## SOURCE DATA

------------------------

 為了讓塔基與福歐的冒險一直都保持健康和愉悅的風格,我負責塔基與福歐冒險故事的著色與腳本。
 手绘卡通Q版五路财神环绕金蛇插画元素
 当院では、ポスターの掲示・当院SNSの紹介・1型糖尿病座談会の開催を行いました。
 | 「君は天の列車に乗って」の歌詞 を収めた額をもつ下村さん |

------------------------

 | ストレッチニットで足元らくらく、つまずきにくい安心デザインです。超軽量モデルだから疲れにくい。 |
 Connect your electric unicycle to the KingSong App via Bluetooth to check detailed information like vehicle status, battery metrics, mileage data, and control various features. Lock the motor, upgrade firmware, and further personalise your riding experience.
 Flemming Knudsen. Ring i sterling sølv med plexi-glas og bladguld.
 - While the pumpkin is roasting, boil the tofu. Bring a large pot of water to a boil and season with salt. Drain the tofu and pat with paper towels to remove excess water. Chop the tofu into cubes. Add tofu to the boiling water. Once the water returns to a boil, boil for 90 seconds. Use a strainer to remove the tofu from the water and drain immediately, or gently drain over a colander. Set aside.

------------------------

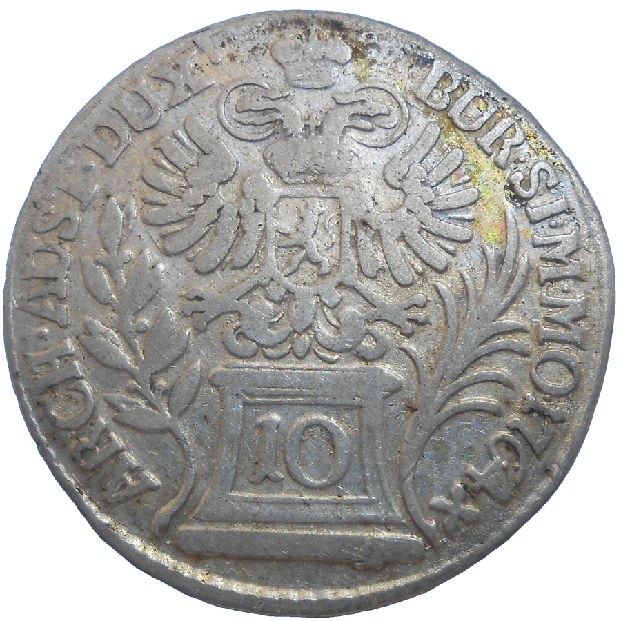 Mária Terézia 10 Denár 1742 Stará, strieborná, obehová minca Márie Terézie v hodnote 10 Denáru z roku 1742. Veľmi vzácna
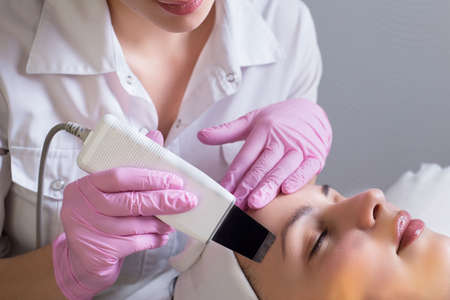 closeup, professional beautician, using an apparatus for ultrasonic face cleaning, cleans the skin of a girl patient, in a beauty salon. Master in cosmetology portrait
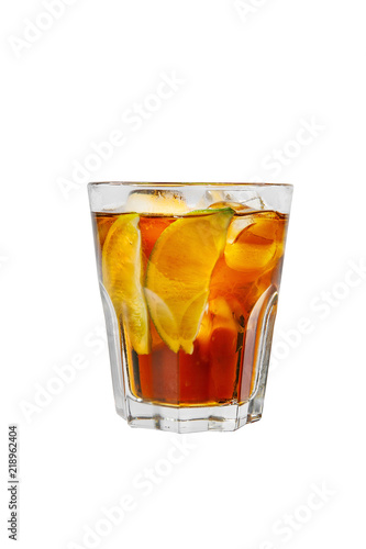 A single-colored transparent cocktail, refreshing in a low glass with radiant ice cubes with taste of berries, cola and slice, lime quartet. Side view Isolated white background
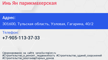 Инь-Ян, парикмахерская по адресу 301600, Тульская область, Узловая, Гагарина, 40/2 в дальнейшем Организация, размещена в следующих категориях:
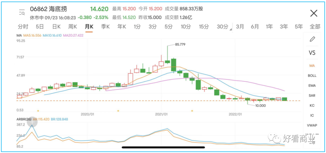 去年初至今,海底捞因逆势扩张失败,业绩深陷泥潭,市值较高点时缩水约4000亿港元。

------------------------

## ABOUT THIS EXERCISE
From the listing above, please give again the lines that begin with the line holding "Инь-Ян, парикмахерская по" and go on through the line holding "去年初至今,海底捞因逆势扩张", exactly, both ends included, minus any picture.

## EXERCISE RESULT
 Инь-Ян, парикмахерская по адресу 301600, Тульская область, Узловая, Гагарина, 40/2 в дальнейшем Организация, размещена в следующих категориях:
 去年初至今,海底捞因逆势扩张失败,业绩深陷泥潭,市值较高点时缩水约4000亿港元。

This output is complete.